Интонация. Александр Сокуров - [23]
Но ведь они все равно могли писать, пусть даже в стол. И писали.
Я думаю, что музыка — одна из самых несвободных областей творчества. По судьбе — не по процессу, а по судьбе. Во время сочинения композитор несравненно свободнее, чем режиссер или даже писатель, потому что он как бы ничем не ограничен. А вот судьба произведения — это уже другая история. Композитор обречен на то, что его произведение попадает в разные руки. Мы ведь знаем, что Моцарт никогда не слышал своих чудесных фортепианных концертов в том виде, в котором мы их знаем сегодня! Я просто до смерти люблю эти концерты Моцарта. И в самые тяжелые, неприятные моменты я стараюсь слушать эту музыку. На Каннском фестивале есть такая очень неприятная для меня церемония, когда ты идешь по так называемой красной дорожке на премьеру своей картины. И вот чтобы пережить путь от начальной точки до входа в зал, чтобы сконцентрироваться и не обращать внимания на то, что происходит со всех сторон, я всегда просил ставить 21‐й фортепианный концерт Моцарта. Это меня как-то сразу отгораживало от всего.

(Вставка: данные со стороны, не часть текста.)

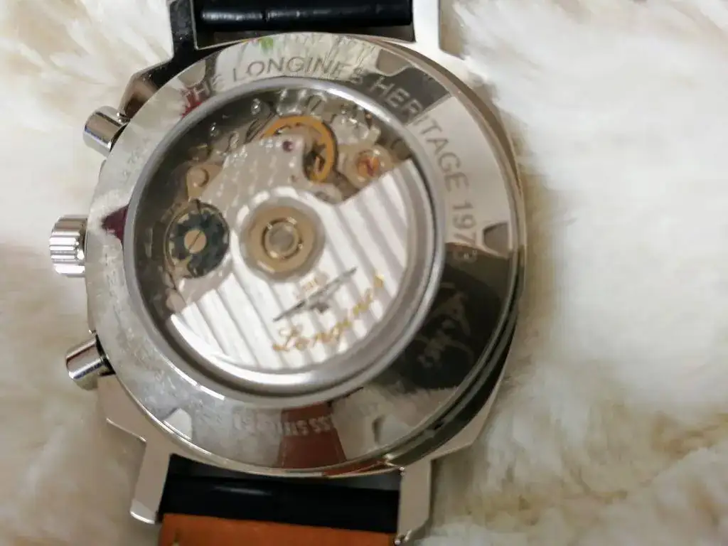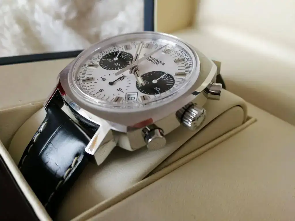 El calibre es el L.688.2. Un ETASA hecho en exclusiva para Longines, con lo que yo creo que podria denominarse "in-house". Cronografo a rueda de pilares ( en azul).
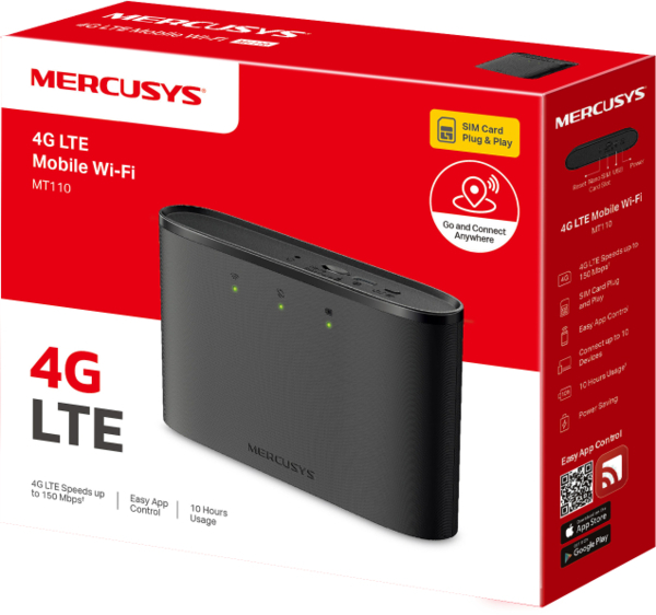 Опис Мобільний маршрутизатор MERCUSYS MT110 N150, 4G/LTE, 2200мА*год (MT110)

Вы обычно слушаете музыку дома или в концертном зале?
Я все мечтаю, что у меня когда-нибудь появится маленький домик, где я смогу слушать музыку, не думая о том, что побеспокою соседей. Я не могу слушать из-под полы, под подушкой, например, Шостаковича. Я ничего не чувствую. Я Малера не могу так слушать. Мне нужно, чтобы был охват, ощущение оркестра. Но жизнь в городской квартире мне не позволяет. А дачи и никакой возможности куда-то уехать у меня нет. Поэтому многие вещи я никогда по-настоящему не слышал. У меня есть прекрасное собрание пластинок, дисков, но я не могу свалить такое испытание на людей, которые справа, слева, снизу, сверху…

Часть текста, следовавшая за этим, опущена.